Classification models on the other hand, require the splitting of the modeling dataset in different time periods. To identify data patterns associated with the occurrence of an event, the model should analyze the customer profile before the event occurrence. Therefore, analysts should focus on a past moment and analyze the customer view before the purchase of an add-on product or before churning to a competitor.
Let’s consider for example a typical churn model. During the model training phase, the model dataset should be split to cover the following periods:
- Historical period: used for building the customer view in a past time period, before the occurrence of the event. It refers to the distant past and only predictors (input attributes) are used for building the customer view.
- Latency period: It is reserved for taking into account the time needed to collect all necessary information to score new cases, predict future churners and execute the relevant campaigns.
- Event outcome period: used for recording the event outcome, for example churned within this period or not. It follows the historical and the latency period and it is used for defining the output field of the supervised model.

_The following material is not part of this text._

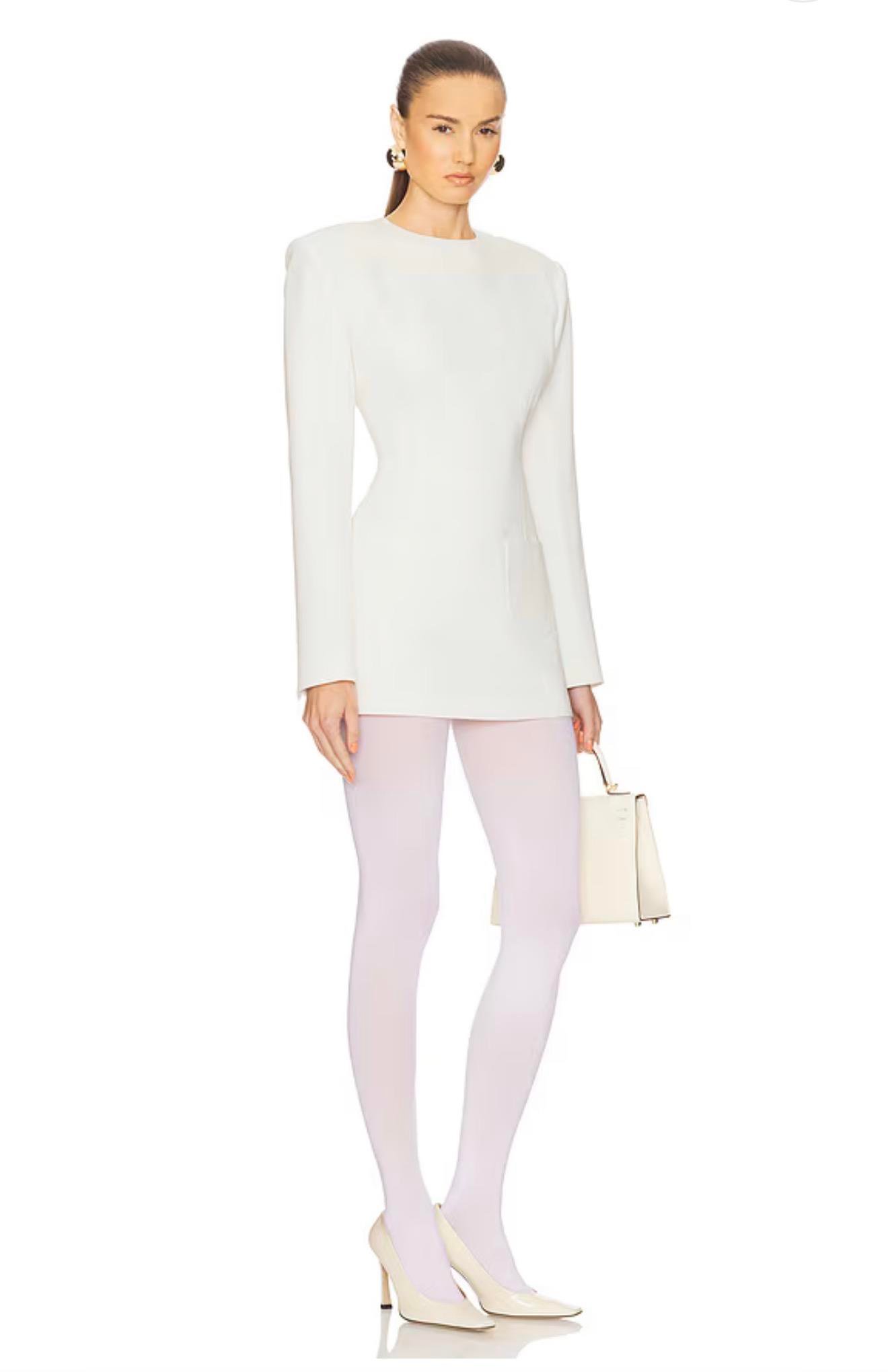 Beyaz Vatkalı Mini Tasarım Elbise (DA0002987)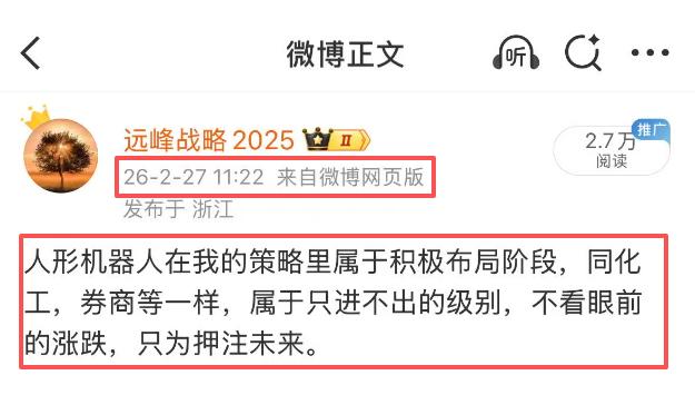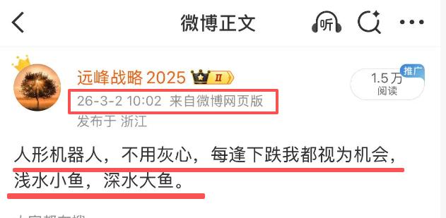 人形机器人最近一直在震荡调整,但我依旧看好相关板块,这两天我一直在强调:人形机器人,不用灰心,每逢下跌我都视为机会,浅水小鱼,深水大鱼。在我的策略里属于积极布局阶段,同化工,券商等一样,属于只进不出的级别,不看眼前的涨跌,只为押注未来。 这个方向我坚定不移地看好,不因为K线图的震荡而改变看法。 另外,银河通用宣布完成25亿元新一轮融资,创下近年行业单笔最大规模,也刷新了2026开年纪录。

The model is trained by associating input data patterns of the Historical period with specific event outcomes recorded in the Event outcome period.
Typically, in the validation phase, the model’s predictive performance is evaluated in a disjoint dataset which covers different time periods. In the deployment phase new cases are scored according to their present view, specifically, according to the input data patterns observed in the period right before the present. The event outcome is unknown and its future value is predicted.